Businesses in the West Midlands are being neglected by a Government quango set up to boost the region’s economy, a Commons inquiry has been warned.
Regional Development Agencies such as Advantage West Midlands are being forced to take on extra responsibilities instead of focusing on supporting industry, the Commons Business and Enterprise Committee heard.
The British Chambers of Commerce, which represents employers across the country, also warned there was no mechanism for holding the agencies to account when they failed to deliver.
Bromsgrove MP Julie Kirkbride warned agencies such as Advantage West Midlands, which spends £300 million of taxpayers’ money each year, had become sprawling “mini-empires” accountable to nobody.
The committee, chaired by Peter Luff (Con Mid Worcestershire) is conducting an investigation into the work of the agencies, which were created by Labour to boost regional economies.
Their role has expanded, and a strategy published by AWM last December covered a range of issues including transport, cutting carbon emissions to tackle climate change, and reducing “economic exclusion”, or people living off benefits, in deprived areas.
Advantage West Midlands officials argue that these are all important factors in creating a thriving economy.
But business leaders called for a firmer focus on the needs of industry, as they gave evidence to the committee.
Chris Hannant, Head of Policy for the British Chambers of Commerce, said: “One of our concerns is that what we have now is quite a long way from the original model.
“They acquire a whole range of non-economic responsibilities to deliver Government policies, because they happen to be something that can deliver policy below the national level.”
The Government wanted some policies to be delivered on a regional basis and had given regional development agencies more responsibilities as a result, he said.
Mr Hannant also warned there was no way of forcing regional development agencies to improve when they failed to perform effectively.
He said: “Where their performance is below what it should be, there is no real mechanism to pull them up by their bootsraps.”

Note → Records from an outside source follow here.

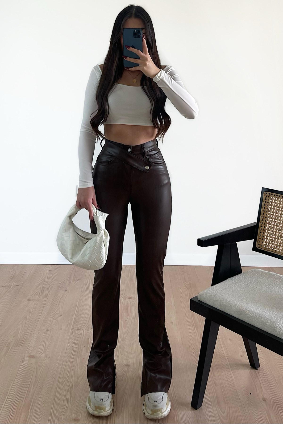 KEMER DETAYLI YIRTMAÇLI ACI KAHVE DERİ PANTOLON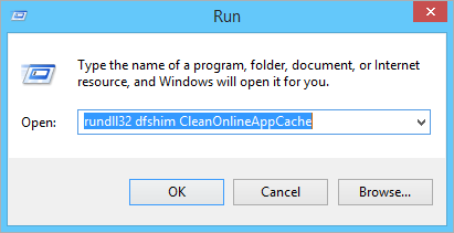 Type or paste rundll32 dfshim CleanOnlineAppCache in the the Run dialog.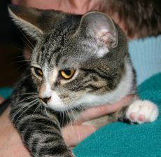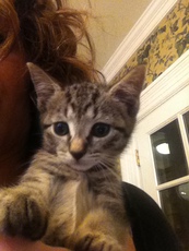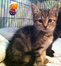 Acorn is an adorable baby kitten, born in late August 2012, and rescued from the streets. This sweet little guy now resides in a foster home with other cats and several small dogs, all of whom he gets along with. Acorn is very curious and playful but he also LOVES to just sit on your lap and he purrs when you hold him. Acorn has beautiful grey and brown markings, is up to date with his kitten shots and is in excellent health. To meet Acorn, you may contact Gwen at gwenbuch@gmail.com or Pet Rescue.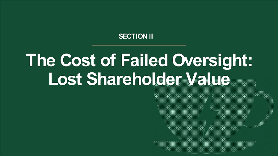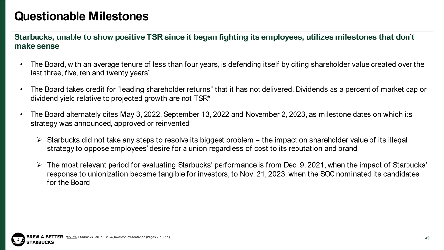 值得怀疑的里程碑49星巴克,自从开始与员工斗争以来,无法显示出积极的TSR,利用了没有意义的里程碑•平均任期不到四年的董事会通过引用过去三年、五年、十年和二十年创造的股东价值来为自己辩护* •董事会将其未能实现的“领先股东回报”归功于自己。股息占市值或股息收益率相对于预期增长的百分比不是TSR * •董事会交替引用2022年5月3日、2022年9月13日和2023年11月2日,作为其战略宣布、批准或重塑的里程碑日期»星巴克没有采取任何措施来解决其最大的问题——其反对员工希望建立工会的非法战略对股东价值的影响,而不考虑其声誉和品牌的代价»评估星巴克业绩的最相关时期是从2021年12月9日开始,当星巴克对工会化的回应对投资者的影响变得切实可见时,到2023年11月21日,SOC提名其董事会候选人*来源:星巴克2024年2月16日,投资者介绍(第7、10、11页)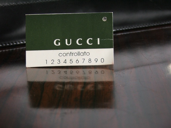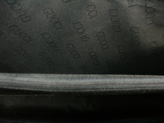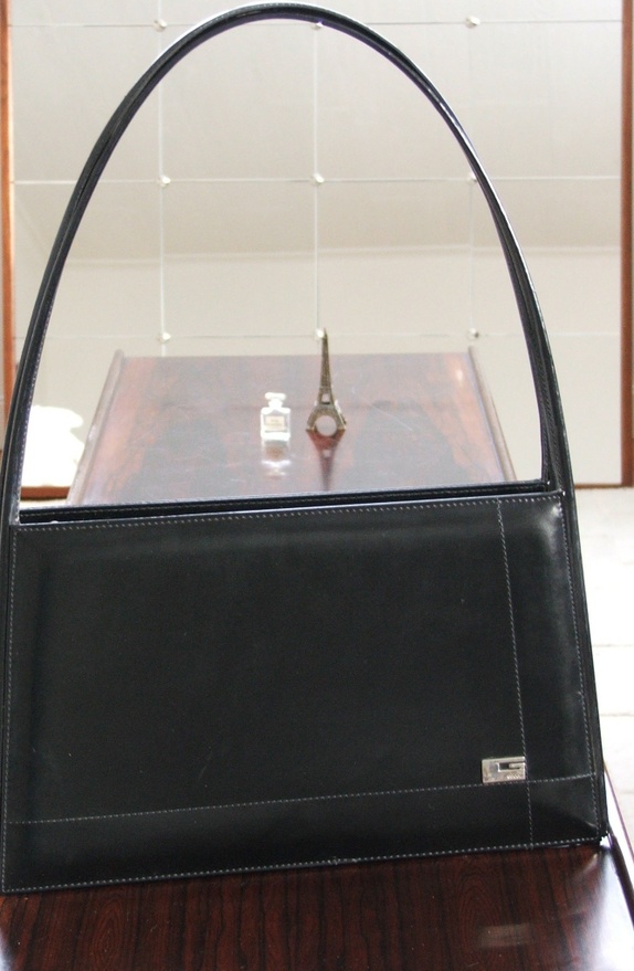 Stilig og tidløs sort veske merket Gucci fra ca.70/80 tallet.Glidelås lukkning med bla.liten smekker detalj til glidelåsfestet i siden.Kontrollnummer.I topp stand.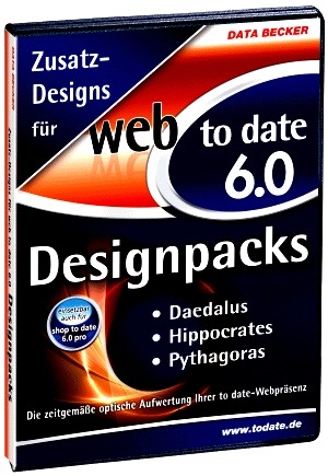 Data Becker Design Kombipack für web to date 6.0 & shop to date 6.0 pro: PYTHAGORAS, HIPPOKRATES, DAEDALUS. Minimum system requirements: web to date 6.0 shop to date 6.0 pro Downloadshop to date 6.0 pro. Language version: German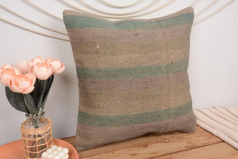 Almohada de tiro de rayas marrones, almohada vintage bordada de 20x20
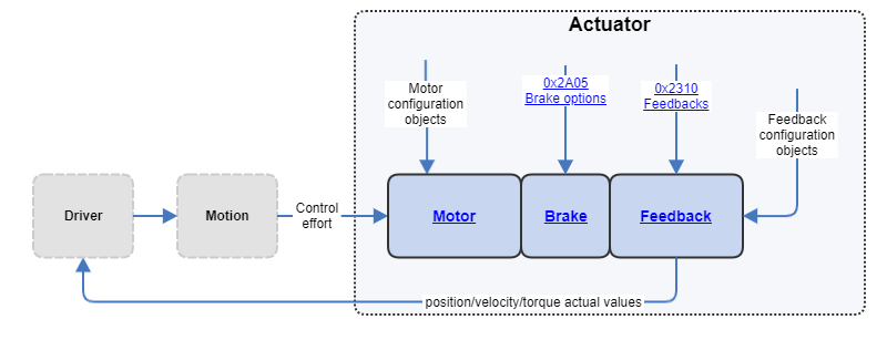 With the aim to offer maximum versatility for the development of motion control applications, EMCL supports a wide range of motors and feedbacks. You may click on any of the diagram boxes to learn more about each of the actuator elements.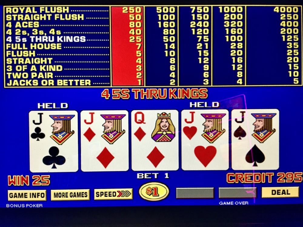 Sorry Sunday. I won $34 on my $30 Resorts BP FP. Jitney to Harrah’s. I saw a $2,400 quad DDB, a hopeful sign. But I was dealt quad Kings ninety minutes later. Adjacent machine hit for $1,500, so I stayed. I did get another quad and quad fours in the next fifty five minutes. But they were small; a -$42 decision. I earned a Prosecco gift. Worst decision: returning to Resorts’ ice cold machines. Net Day: -$515. 313 TCs.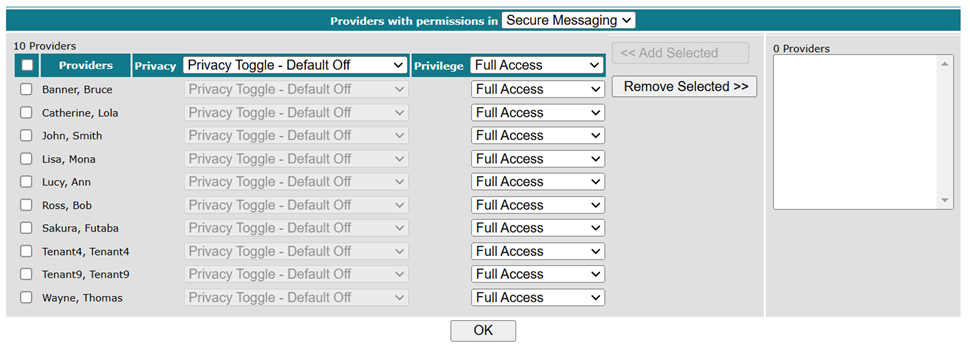 2. You can add the Secure Messaging application to each provider group that needs it.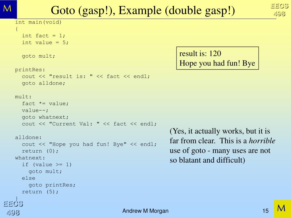 Goto (gasp!), Example (double gasp!) int main(void) { int fact = 1; int value = 5; goto mult; printRes: cout << "result is: " << fact << endl; goto alldone; mult: fact *= value; value--; goto whatnext; cout << "Current Val: " << fact << endl; alldone: cout << "Hope you had fun! Bye" << endl; return (0); whatnext: if (value >= 1) goto mult; else goto printRes; return (5); } result is: 120 Hope you had fun! Bye (Yes, it actually works, but it is far from clear. This is a horrible use of goto - many uses are not so blatant and difficult) Andrew M Morgan

Karen Dee, Head of Infrastructure with the CBI, said Regional Development Agencies should be allowed to concentrate on supporting local economies but they were being given new functions by central government.
“What would help is things like making sure they focus on what they are intended to deliver, and not trying to do too much or spread themselves too thinly.”

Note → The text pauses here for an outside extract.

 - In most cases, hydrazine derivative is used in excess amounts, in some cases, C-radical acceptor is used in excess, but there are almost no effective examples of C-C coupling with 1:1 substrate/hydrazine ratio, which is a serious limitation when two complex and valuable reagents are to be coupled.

The concern was echoed by Worcestershire MP Julie Kirkbride (Con Bromsgrove), a member of the committee, who commented: “In the past 10 years they have evolved into mini-empires.”

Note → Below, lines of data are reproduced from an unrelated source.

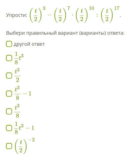 Упрости: (t2)3−(t2)7⋅(t2)10:(t2)17.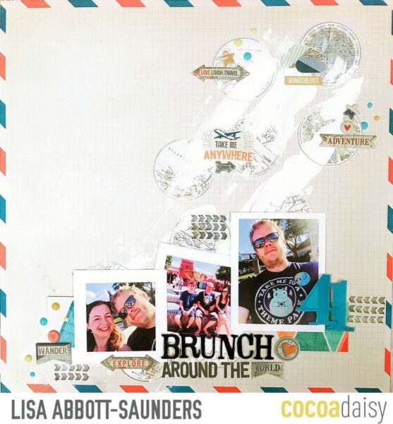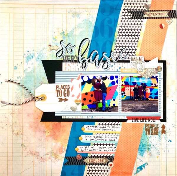 Lisa has a really great take on the sketch too! And she too uses the stamps! I love the paint brush lines as the diagonals! They definitely add some fun movement to the page! The large white mats around the photos and the white diagonals really pop the layout.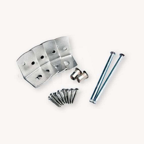 Om tuinschermen op een stevige manier vast te maken is deze bevestigingsset beschikbaar. De steunen worden geleverd per set van vier stuks. Om een tuinscherm stevig aan betonpalen te bevestigen zijn vier steunen nodig: twee aan de boven- en twee aan de onderzijde aan zowel de linker- als rechterkant van het scherm.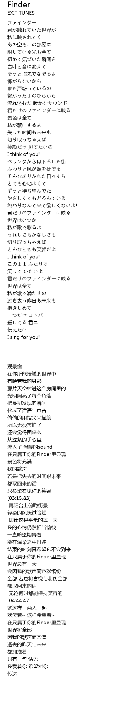 | [04:13.55] | 在只属于你的Finder里显现 |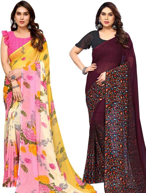 women pack of 2 casual wear combo sarees with blouse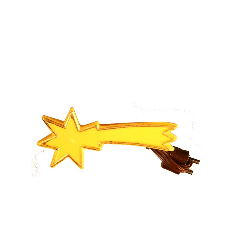 Dieser beleuchtete Kometstern für Ihre Weihnachtskrippe wird fertig montiert mit ca. 50 cm Kabel, Stecker und Birnchen geliefert. Er ist in den Größen ca. 6,0 cm (2,8 cm breit) und 9,0 cm (ca. 3,7 cm breit) erhältlich.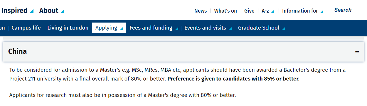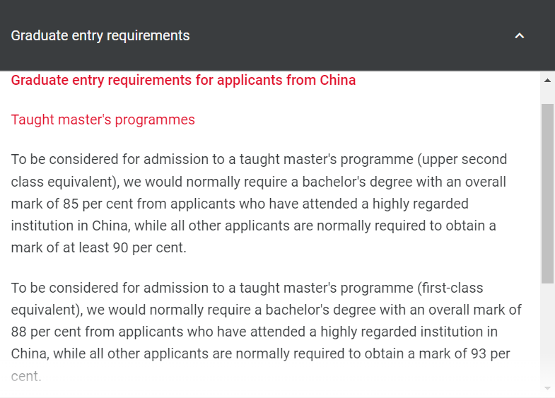 对于授课型硕士课程,二等一学位的专业对于国内985、211院校的申请者需要均分85%,而其他院校的申请人通常需要获得至少90%的分数。一等学位的专业对于985、211院校的申请者需要均分88%,而其他申请人通常需要获得至少93%的分数。
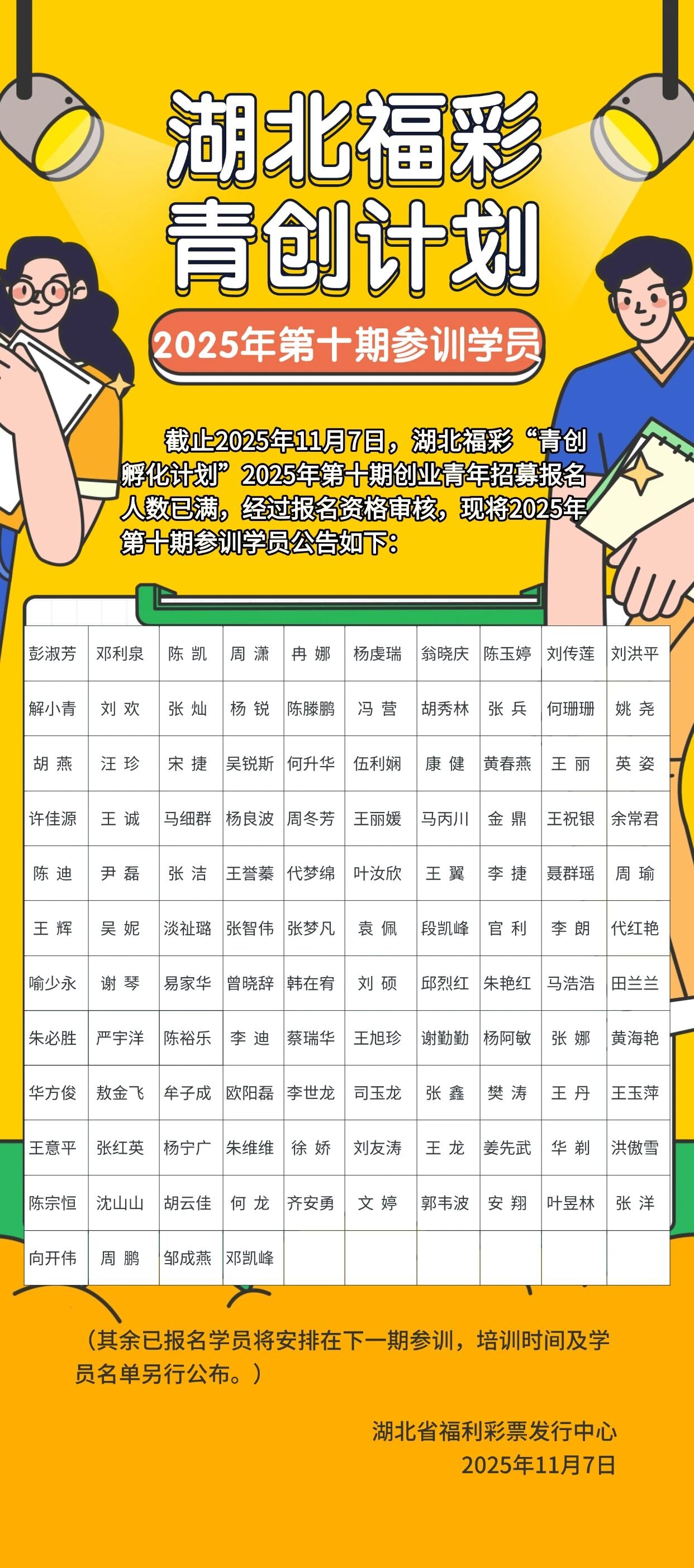 2025年湖北福彩“青创孵化计划”第十期参训学员名单公告

Ms Dee also warned that the agencies tended to be successful when they covered an area with a distinct regional identity, such as the North-east.
And she called for RDAs to work together, warning that many businesses operated on a national rather than a regional level.
She said: “Often companies are big, they see themselves as national, they don’t see themselves as regional.”
But Steve Radley, of the Engineering Employers Federation, warned that regional assemblies played an important role.
He said: “This is probably the best available strategy we have got so far.
“It is closer to the customer than a national delivery body, but you have the critical mass that you wouldn’t get at a local level.”
Officials in Advantage West Midlands have themselves privately complained that the Government is giving them increasing responsibilities which move them away from their original mission of supporting industry.
But they also insist that economic development covers a range of topics. One said: “You need to have the people to work in the jobs, and the roads to get them there.”